Aussi trois de ces axes présentent-ils de fortes similitudes avec ceux du précédent Gouvernement , au premier rang desquels figure l'axe relatif aux produits de santé , portant un montant d'économies égal à celui prévu en loi de financement pour 2017 (1,4 milliard d'euros) . En outre, la plupart des mesures sont identiques (baisse des prix des médicaments, promotion et développement des génériques, biosimilaires, tarifs des dispositifs médicaux).

Les économies réalisées sur l'ONDAM ces dernières années ont très largement porté sur le médicament, par le développement des génériques et des politiques actives de baisses de prix. Or, votre rapporteur partage le constat du Conseil d'analyse économique 83 ( * ) , selon lequel « utiliser le médicament comme source d'économie n'aura qu'un temps.

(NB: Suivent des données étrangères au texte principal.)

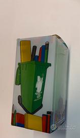 bidone porta penne da scrivania portapenne in plastica da scrivania a forma di bidone con ruote nuovo in confezione originale

Ce n'est d'ailleurs pas souhaitable à terme », à l'heure où de nombreuses innovations médicales devraient voir le jour dans le domaine du médicament.

En outre, avant même qu'une nouvelle stratégie de santé ne soit élaborée, le programme d'économies présenté pour 2018 repose en partie, comme l'année précédente, sur la comptabilisation de fausses économies .

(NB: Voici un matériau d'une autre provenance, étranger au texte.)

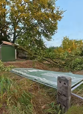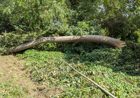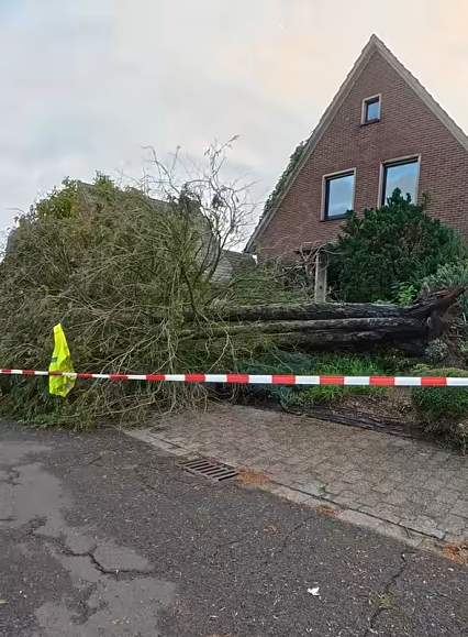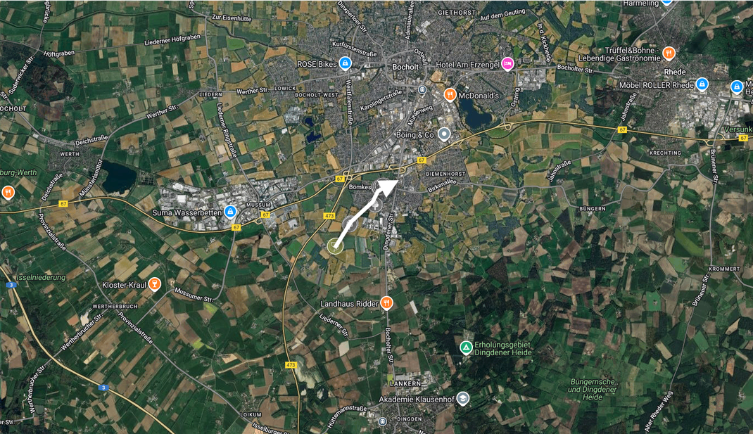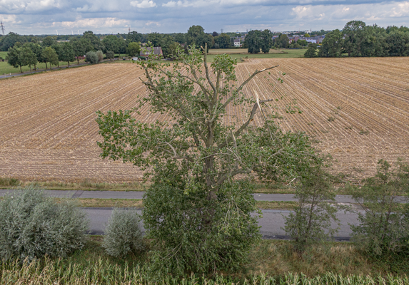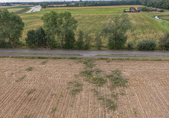 Am Abend kam es im Süden von Bocholt (Ortsteil Mussum) zu auffälligen, punktuell auftretenden Schäden, die sich entlang einer etwa 1.7 Kilometer langen Schneise erstrecken. Am «Loikumer Weg» (51.804, 6.593) wurde eine Pappel am Wurzelansatz abgeknickt und stürzte in nordwestlicher Richtung auf den Weg (s. Bild 1 - TSA/1: IF1). Die Schneise kreuzt anschließend den «Vennweg» (51.808, 6.597), entlang dessen sich eine Baumreihe befindet. Innerhalb dieser Baumreihe verlor ein einzelner Baum zahlreiche, teils große Äste, während die benachbarten Bäume unbeschädigt blieben (s. Bild 2-3 - TRA/2: IF1). Die abgeknickten Äste wurden nordostwärts auf das angrenzende Feld verfrachtet (s. Bild 3).

Le comité d'alerte note ainsi dans l'avis précité, qu'« une partie des économies pour les crédits de l'ONDAM résulte de la mobilisation d'autres sources de financement ». Ainsi :

- l'augmentation du forfait journalier hospitalier (FJH) est intégrée comme une mesure d'économie, contribuant à réduire de 200 millions d'euros les crédits de l'ONDAM destinés aux établissements de santé ; or, il s'agit d'une recette supplémentaire pour les établissements de santé ;

- la participation des organismes complémentaires au financement de la convention médicale diminue de 100 millions d'euros les crédits de l'ONDAM de soins de ville ; en réalité, l'augmentation de la participation des organismes complémentaires au financement des nouveaux modes de rémunération proposée à l'article 15 du présent projet de loi de financement apporte une recette supplémentaire de 250 millions d'euros en 2018 à la CNAMTS ;

- comme en 2017, pour un montant en baisse de 13 % à 200 millions d'euros, la réduction de la contribution de l'ONDAM aux dépenses des établissements médico-sociaux n'est que le fruit d'une débudgétisation liée à un prélèvement sur les réserves de la CNSA.

Après déduction de ces ressources supplémentaires apportées au financement de dépenses entrant dans le champ de l'ONDAM, le plan d'économies relatives à l'ONDAM pour 2018 s'élève à 3,6 milliards d'euros .


* 80 Ce solde tendanciel pour la branche maladie, qui figure au tableau d'équilibre financier à l'annexe 9 du présent projet de loi de financement comprend toutefois la compensation pour 2018 des mesures ayant permis la compensation du pacte de responsabilité et de solidarité en lois de finances et de financement pour 2017, en relais de l'extinction des mesures non pérennes prises uniquement pour 2017.

* 81 En 2016 et 2017, le financement du FMESPP mobilisait en effet le financement du Fonds pour l'emploi hospitalier (FEH) et de l'Association nationale pour la formation permanente du personnel hospitalier.

* 82 Avis n° 2017-4 relatif aux projets de lois de finances et de financement de la sécurité sociale pour l'année 2018.

* 83 Gouverner la protection sociale, transparence et efficacité, note du Conseil d'analyse économique n° 28, Antoine Bozio et Brigitte Dormont, janvier 2016.